When I awoke from the dream in the light of day, I realized that my mother was leaving him. She was going in search of that adventure which she never took a chance to live in this now; one of a vibrant bachelorette wearing a new dress every day, out dancing every night, with vacations to big cities and secret islands. Mom’s alter reality was maybe a life like her post-retirement years of month-long holidays to Texas until my father’s health declined, requiring her to remain stuck in that Michigan home again, on hand for her ailing lover until he died one winter.

Mom was leaving all of us. It was temporary, of course, because as mundane as her life appeared to me, she loved us children and especially my father, surprising no one as she silently mourned his absence every day in those last seven years of her life.

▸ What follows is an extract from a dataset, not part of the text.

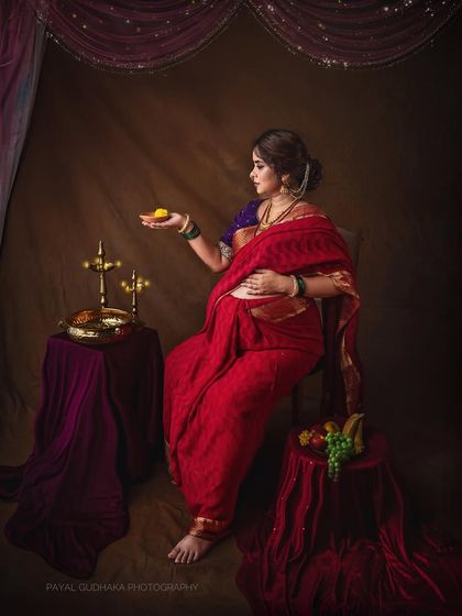 - Love the classic look? My Raja Ravi Varma style photography is all about rich colours, sarees, old brass props, and dramatic light. Perfect for those regal maternity moments or anyone who wants that royal touch.
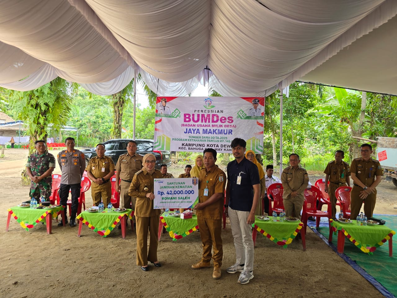 Way Kanan, Metropolis — Suasana haru menyelimuti balai Kampung Kota Dewa, Kecamatan Bahuga, saat Bupati Way Kanan Ayu Asalasiyah menyerahkan santunan jaminan kematian (JKM) kepada ahli waris almarhum Kepala Kampung Kota Dewa, Romani Saleh.

Today, probably right now, my mother is traipsing along in wherever-it-is people go when their bodies cease to function, but where their youthful souls seek out delight once more. I want her to have the chance to re-create an existence in which the only needs she is required to fulfill are her own; where her wants matter; and where “Mom” is not her name rather, Anselma.

5 thoughts on “Anselma Cortéz Sanchez Guzman

  1. As kids we never picture our parents having lives of their own. We are born selfish because all we know is what’s revolving around us….like the universe! As we mature, we realize that parents are transforming as well, learning new tasks, stepping into a new adventure, but always loving and being there for us! Even as Thelma and Luis (haha I just heard Thelma and Louise in my head—never thought of that before) have moved on to their heavens, I’m sure that God has blessed us with their presence in our universe, revolving around us, protecting us, and guiding us for all eternity.

    When children are raised and become adults, It’s a great opportunity for new adventures for all. Especially if all is right in your universe.

  2. So nice thinking about your sweet Mother. She had quite the life. Very busy woman. I pictured her at the Vlasic facility and I wondered what that would be like. And I pictured you coming home from school and scarfing up delicious tortillas while the rest of us licked our lips.